## DATA FOR ANALYSIS:
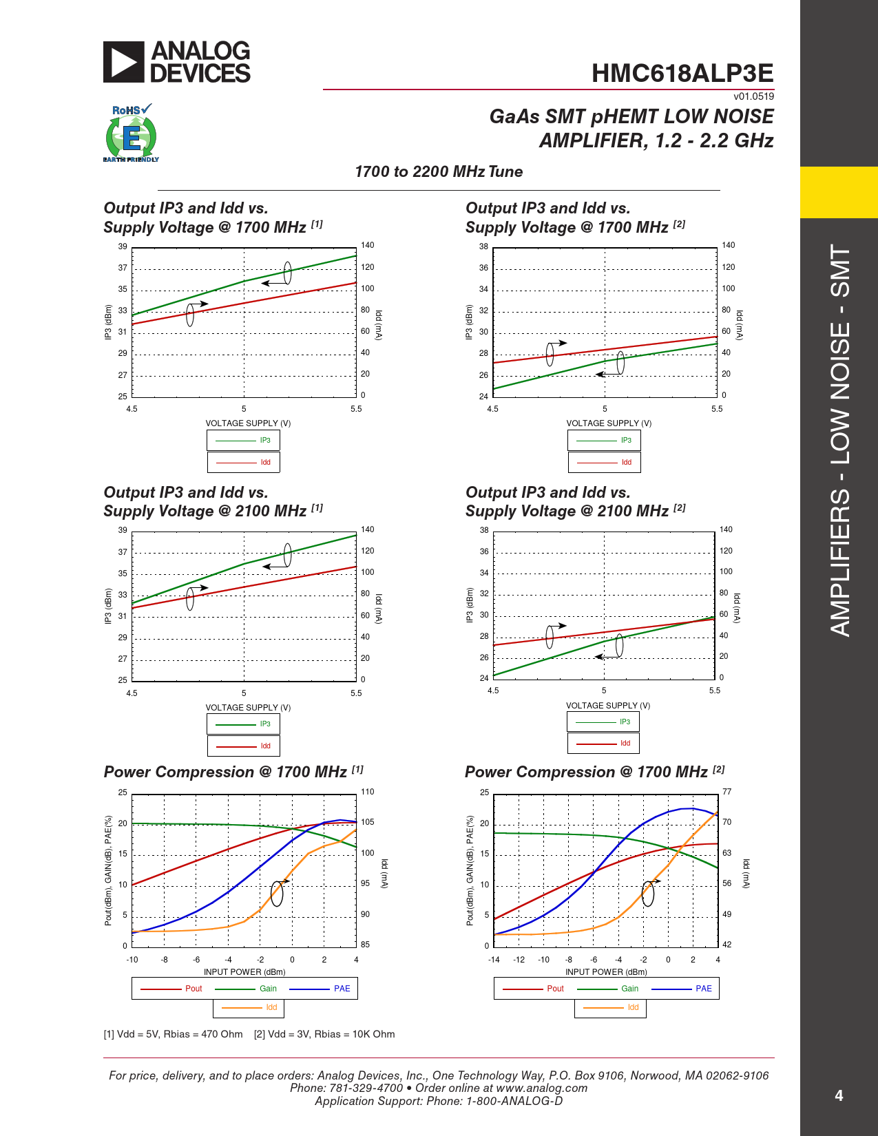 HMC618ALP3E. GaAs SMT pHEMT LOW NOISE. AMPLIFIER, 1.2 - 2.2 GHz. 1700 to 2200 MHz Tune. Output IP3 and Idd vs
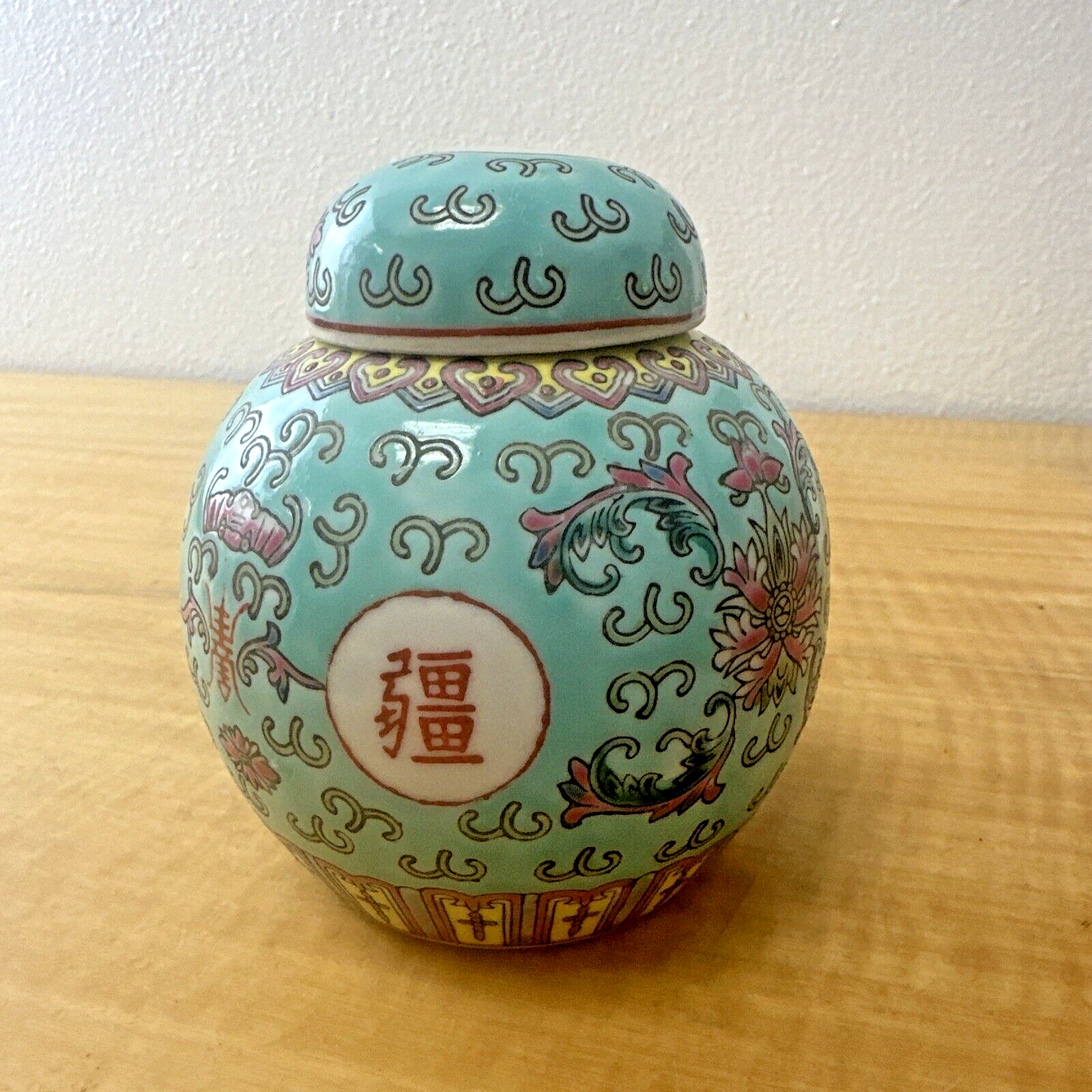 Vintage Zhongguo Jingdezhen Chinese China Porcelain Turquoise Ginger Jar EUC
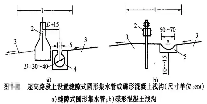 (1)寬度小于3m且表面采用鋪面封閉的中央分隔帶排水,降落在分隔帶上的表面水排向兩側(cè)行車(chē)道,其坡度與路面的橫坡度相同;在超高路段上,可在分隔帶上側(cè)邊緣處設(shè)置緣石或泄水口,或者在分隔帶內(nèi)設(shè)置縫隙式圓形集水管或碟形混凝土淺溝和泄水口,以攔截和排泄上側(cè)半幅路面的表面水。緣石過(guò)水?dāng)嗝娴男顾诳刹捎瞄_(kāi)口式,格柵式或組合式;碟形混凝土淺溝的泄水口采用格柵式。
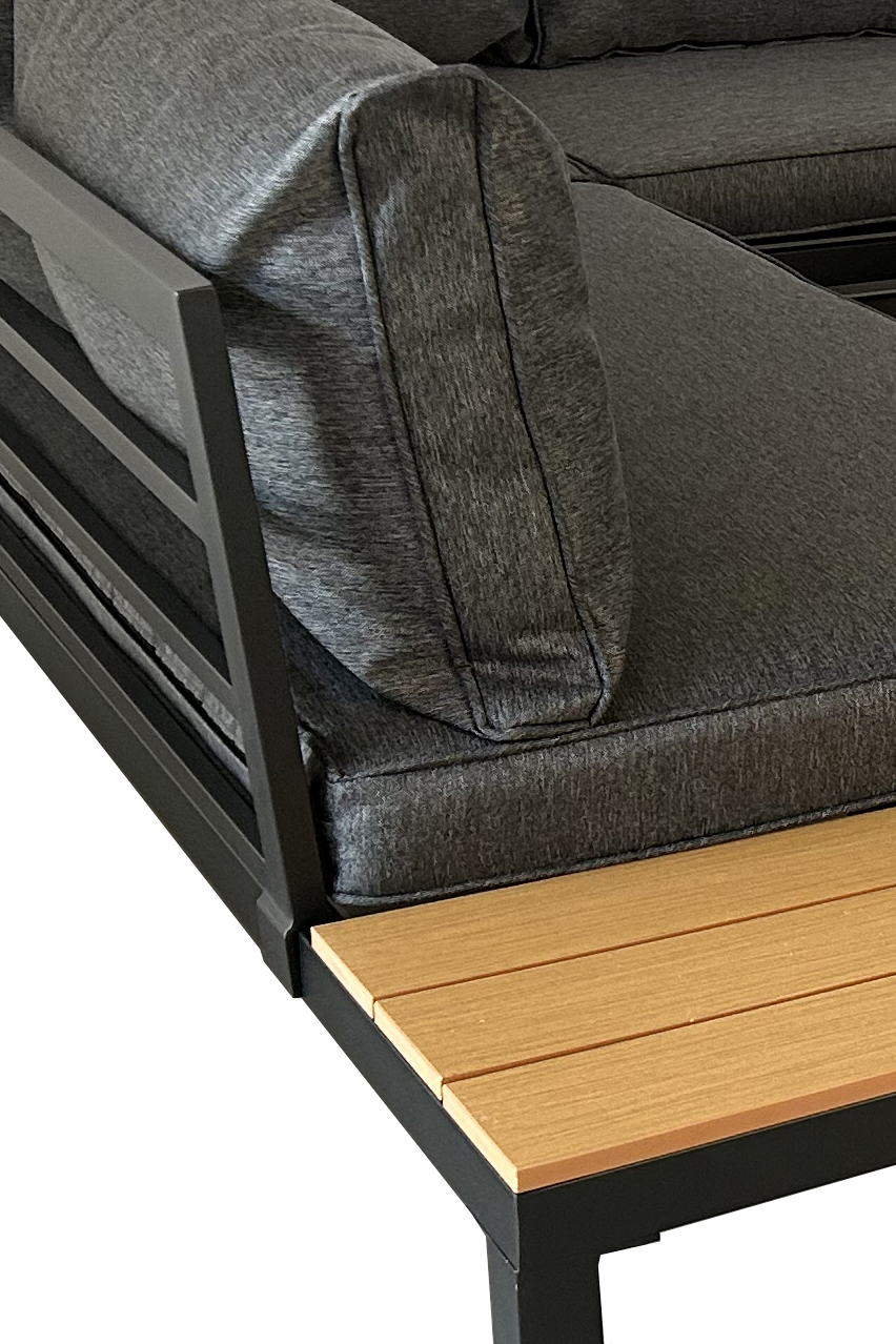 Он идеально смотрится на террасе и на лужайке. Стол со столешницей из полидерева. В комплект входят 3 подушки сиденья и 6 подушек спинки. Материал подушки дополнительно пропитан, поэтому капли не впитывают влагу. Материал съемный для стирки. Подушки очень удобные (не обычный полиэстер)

==

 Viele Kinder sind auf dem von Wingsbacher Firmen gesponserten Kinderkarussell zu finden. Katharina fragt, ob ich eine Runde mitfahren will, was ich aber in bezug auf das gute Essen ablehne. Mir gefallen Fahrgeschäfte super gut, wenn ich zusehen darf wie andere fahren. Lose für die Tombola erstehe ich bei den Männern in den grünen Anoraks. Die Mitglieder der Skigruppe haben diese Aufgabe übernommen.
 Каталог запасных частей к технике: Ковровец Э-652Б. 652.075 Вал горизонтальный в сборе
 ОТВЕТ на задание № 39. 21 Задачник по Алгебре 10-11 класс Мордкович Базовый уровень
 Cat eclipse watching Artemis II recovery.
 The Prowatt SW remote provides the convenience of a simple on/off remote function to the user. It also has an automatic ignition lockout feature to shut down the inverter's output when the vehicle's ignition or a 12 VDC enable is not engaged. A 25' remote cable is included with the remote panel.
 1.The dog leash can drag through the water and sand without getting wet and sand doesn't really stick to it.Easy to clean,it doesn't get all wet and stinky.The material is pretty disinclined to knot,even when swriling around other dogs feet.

## TASK OBJECTIVE:
Within the entries above, find each line where "when" appears; copy every one.

## REPLY:
 The Prowatt SW remote provides the convenience of a simple on/off remote function to the user. It also has an automatic ignition lockout feature to shut down the inverter's output when the vehicle's ignition or a 12 VDC enable is not engaged. A 25' remote cable is included with the remote panel.
 1.The dog leash can drag through the water and sand without getting wet and sand doesn't really stick to it.Easy to clean,it doesn't get all wet and stinky.The material is pretty disinclined to knot,even when swriling around other dogs feet.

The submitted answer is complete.